Linked Traces
Associate prompts with production traces to monitor latency, token usage, and cost per prompt version in the Prompt Workbench.
About
Every time your application sends a prompt to a model, Future AGI records it as a trace: the inputs, outputs, latency, tokens used, and cost. On their own, those traces tell you how your application is performing. Linked traces connect each trace back to the specific prompt and version that produced it.
Once linked, the Prompt Workbench shows aggregated metrics per prompt version alongside the prompt itself. Instead of searching through individual traces, you see a consolidated view: how many times a prompt was called, its typical latency and cost, and how those metrics shift as you iterate.
When to use
- Validating a prompt change in production: Compare latency and cost between versions on real traffic, not just test runs.
- Diagnosing a cost spike: Metrics per prompt version show exactly which prompt or version is driving spend.
- Comparing active versions: See real-world performance across prompt versions side by side to decide which to keep.
- Auditing prompt usage: Trace count shows which prompts are actively being called and which are stale or abandoned.

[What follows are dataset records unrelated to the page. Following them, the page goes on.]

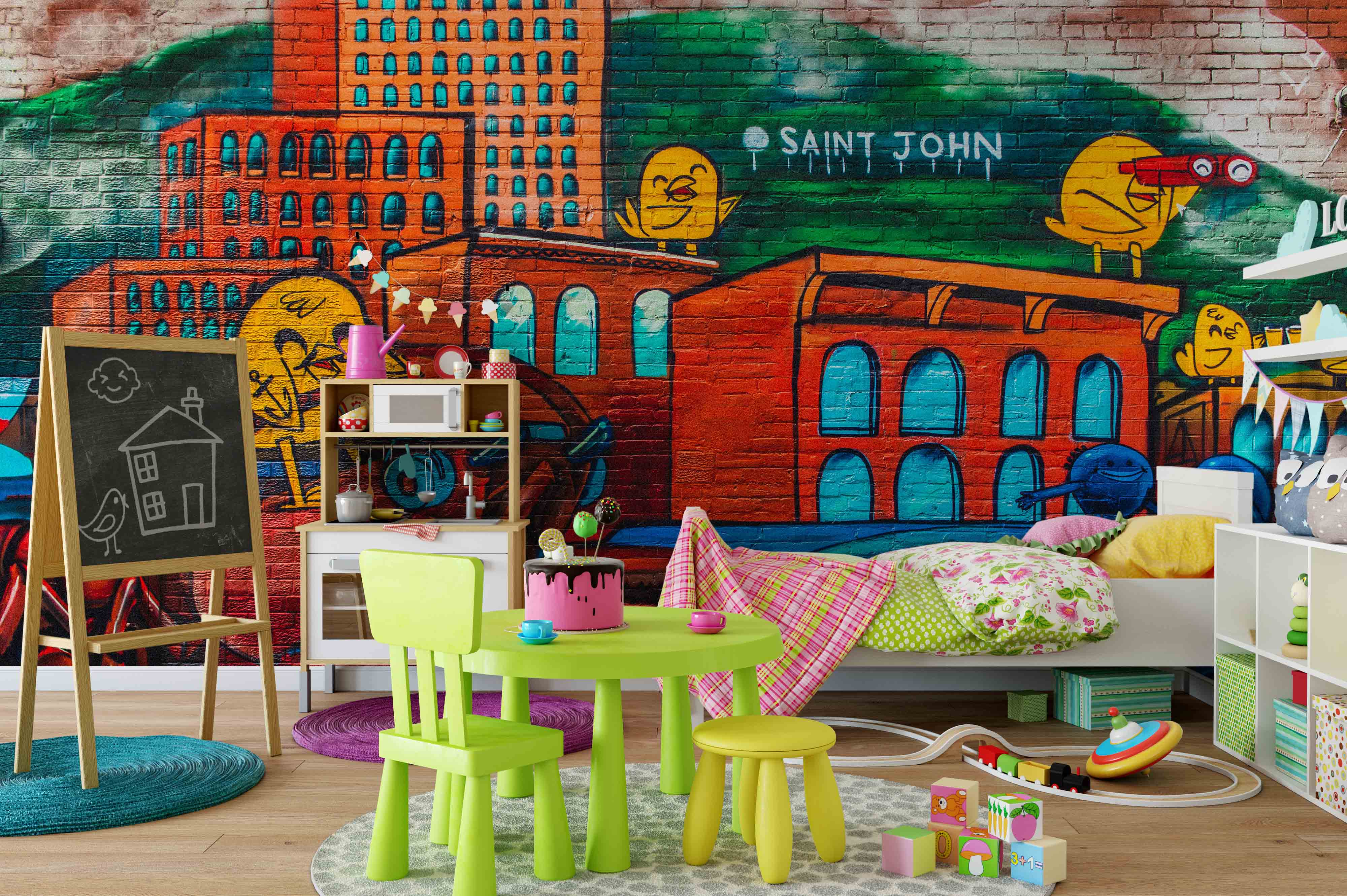 3D Hand Painting Cartoon Bird Building Wall Mural Wallpaper B84
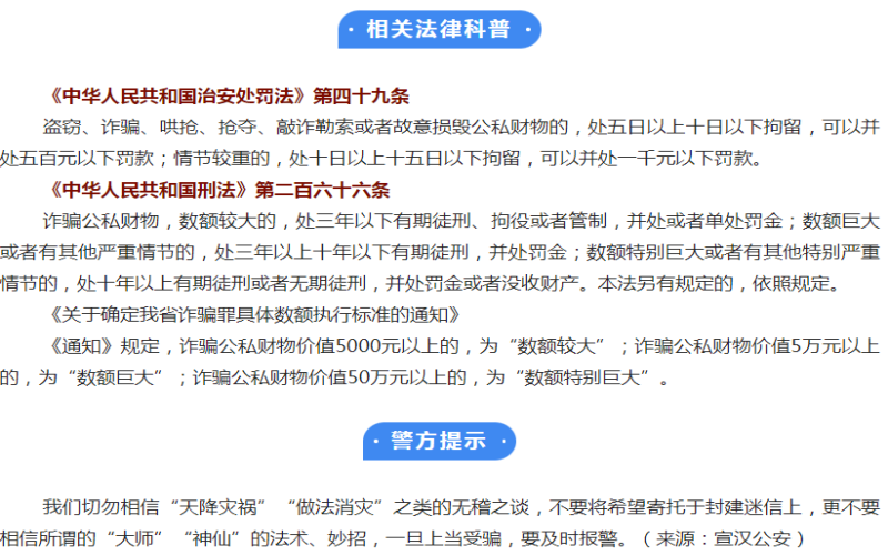近日,宣漢縣公安局蒲西派出所接到轄區(qū)群眾報警,稱其因相信“高人做法”祛病消災(zāi)被人詐騙3000元。
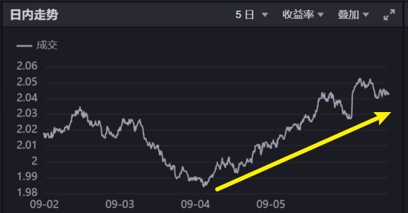 适度拉长来看,下图,9月4日上午,也就是上周四股市大跌期间,30年国债下破2%之后,近期持续震荡上行,2天时间,从最低点,已经上行超过5bps——部分基金经理,在周四股市大跌的时候,认为股债迎来情绪切换的机会,可能也有加仓。
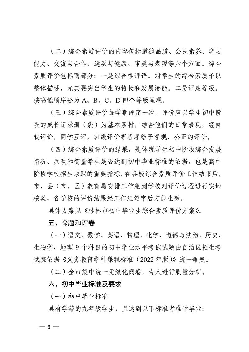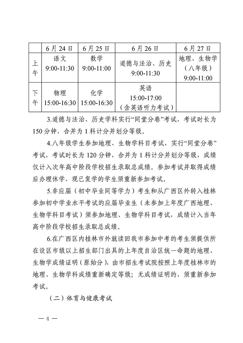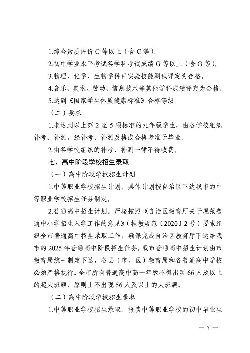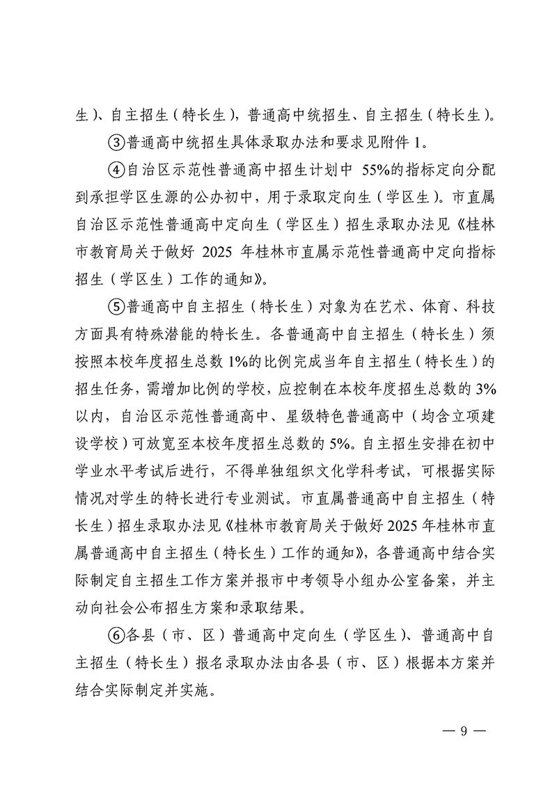 桂林市教育局中考改革领导小组关于做好桂林市2025年初中学业水平考试与高中阶段学校招生工作的通知

Linked Traces vs Raw Traces
| Raw traces | Linked traces | |
|---|---|---|
| What you see | Application-level metrics | Metrics per prompt and version |
| Attribution | Anonymous API calls | Tied to a specific template and version |
| Where to view | Observe / tracing dashboard | Prompt Workbench Metrics tab |
| Setup required | SDK instrumentation | SDK instrumentation + template reference in request |
How to
To link prompts to traces, you need to associate the prompt used in a generation with the corresponding trace. The process is described in the observability and manual tracing docs: Log prompt templates. Once your application sends traces that include the prompt template (or template ID), Future AGI links those traces to the prompt in the Prompt Workbench.
Metrics and Analytics
After linking, open your prompt in the dashboard and go to the Metrics tab.
| Metric | What it tells you |
|---|---|
| Median Latency | Typical time for the model to produce a response. Lower is better for responsiveness; use it to spot slow prompts or model changes. |
| Median Input Tokens | Typical size of the prompt sent to the model. Helps you see verbosity and compare input length across versions. |
| Median Output Tokens | Typical length of the model’s reply. Useful for cost and length control; compare after changing instructions or max tokens. |
| Median Costs | Typical cost per generation for this prompt. Use it to compare cost across prompt versions or models. |
| Traces Count | How many times this prompt was used in the selected period. Shows which prompts are active and where to focus optimization. |
| First and Last Generation | When the prompt was first and last used. Confirms the time range of the data you’re viewing. |
Compare the same metric across prompt versions or time ranges to see if a change improved latency, cost, or token usage.